● WHAT THIS TASK INVOLVES:
A faithful transcript of all the lines below, with no pictures, is the goal here.

● GIVEN INFORMATION:
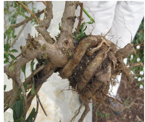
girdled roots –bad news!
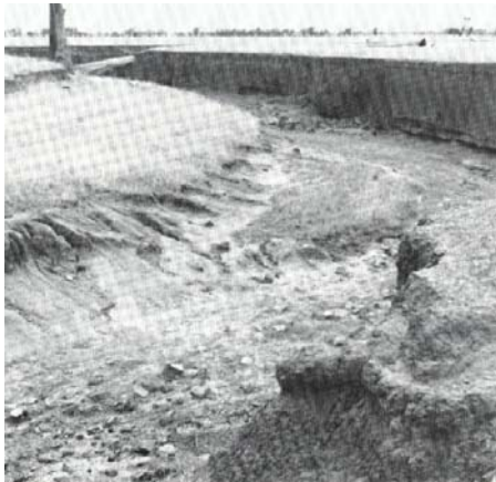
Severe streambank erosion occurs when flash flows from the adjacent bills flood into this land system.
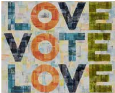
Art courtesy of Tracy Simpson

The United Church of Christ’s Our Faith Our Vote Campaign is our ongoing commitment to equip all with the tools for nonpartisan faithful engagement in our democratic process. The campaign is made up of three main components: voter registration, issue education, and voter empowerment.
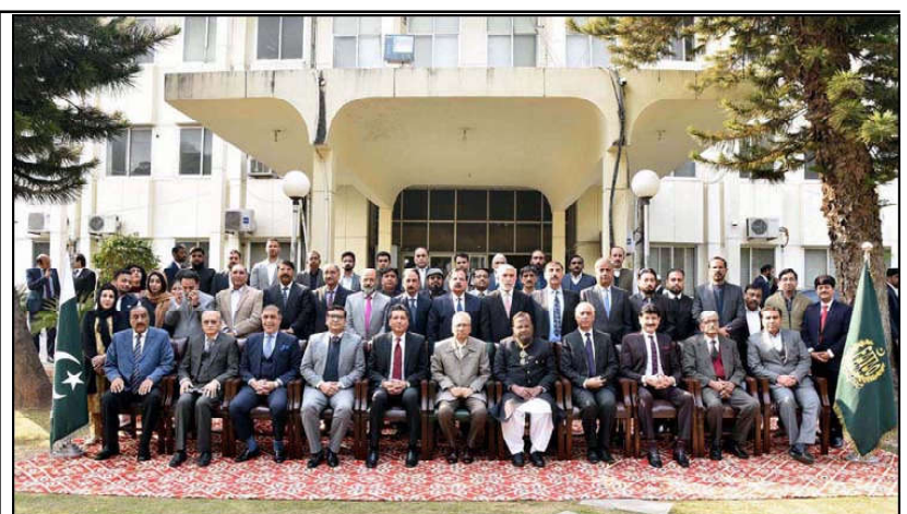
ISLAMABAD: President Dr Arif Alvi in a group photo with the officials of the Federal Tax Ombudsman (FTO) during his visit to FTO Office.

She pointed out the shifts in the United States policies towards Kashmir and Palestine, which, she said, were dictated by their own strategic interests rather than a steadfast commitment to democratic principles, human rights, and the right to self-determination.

● RESPONSE BELOW:
girdled roots –bad news!
Severe streambank erosion occurs when flash flows from the adjacent bills flood into this land system.
Art courtesy of Tracy Simpson

The United Church of Christ’s Our Faith Our Vote Campaign is our ongoing commitment to equip all with the tools for nonpartisan faithful engagement in our democratic process. The campaign is made up of three main components: voter registration, issue education, and voter empowerment.
ISLAMABAD: President Dr Arif Alvi in a group photo with the officials of the Federal Tax Ombudsman (FTO) during his visit to FTO Office.

She pointed out the shifts in the United States policies towards Kashmir and Palestine, which, she said, were dictated by their own strategic interests rather than a steadfast commitment to democratic principles, human rights, and the right to self-determination.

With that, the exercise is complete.